Sitôt libérés de la tutelle néerlandaise, les Belges se mettent en quête d'un roi.
Après avoir renoncé au jeune duc de Nemours, fils de Louis-Philippe 1er, pour ne pas irriter les Anglais, ils se rabattent sur Léopold de Saxe-Cobourg-Saafeld, un prince allemand et luthérien de 41 ans, fringant et portant beau en dépit d'une calvitie qu'il cache maladroitement avec une perruque brune.
Le prince a refusé l'année précédente une autre proposition, venue de la Grèce, qui s'est, elle, émancipée de l'empire ottoman. À sa famille se rattachent tous les souverains actuels de l'Europe, par Léopold lui-même mais aussi par sa soeur aînée Victoria de Saxe-Cobourg-Saafeld, qui donnera le jour à la reine Victoria.
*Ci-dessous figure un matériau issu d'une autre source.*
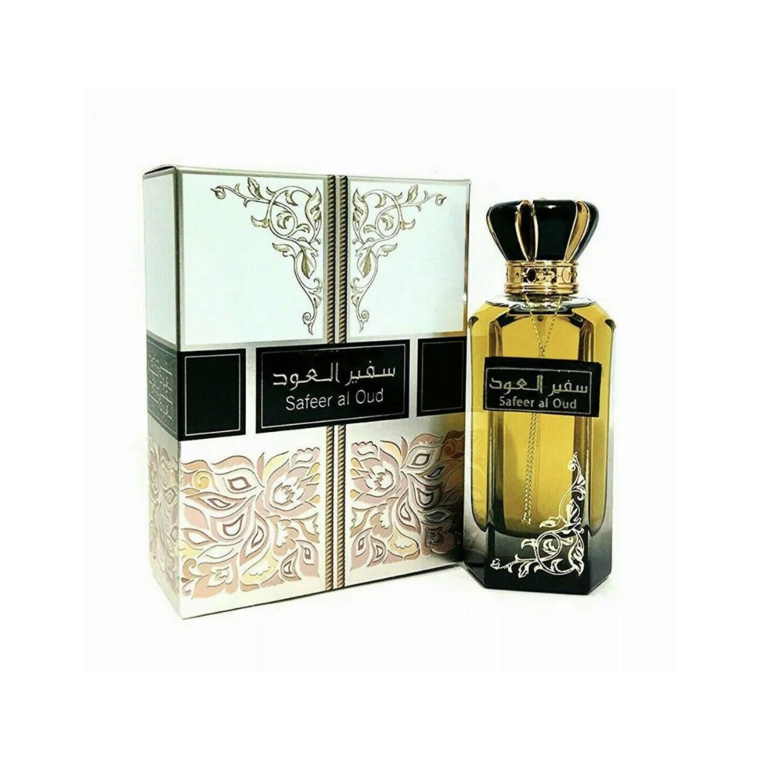 Discover the captivating and luxurious scent of Safeer Al Oud Eau de Parfum by Ard Al Zaafaran. This oriental fragrance combines the richness of oud and the delicate sweetness of roses. The blend of spicy saffron, gujrun balm, and sandalwood creates an alluring scent. With notes of incense, cedar, and guaiac wood, this perfume exudes a woody and elegant aroma perfect for the modern gentleman. Indulge in the main accords of oudh, musk, woody, patchouli, and oriental in this iconic men's fragrance.

Lui-même a été profondément meurtri par un veuvage précoce, suite à la mort en couches de sa première épouse, Charlotte, fille unique et héritière du prince de Galles, plus tard roi d'Angleterre sous le nom de Georges IV.
Le 21 juillet 1831, le futur roi fait son entrée à Bruxelles, au milieu des acclamations populaires. Il conclut sa prestation de serment par un voeu vibrant, encore d'actualité : «Qu'une seule pensée anime tous les Belges, celle d'une franche et sincère union».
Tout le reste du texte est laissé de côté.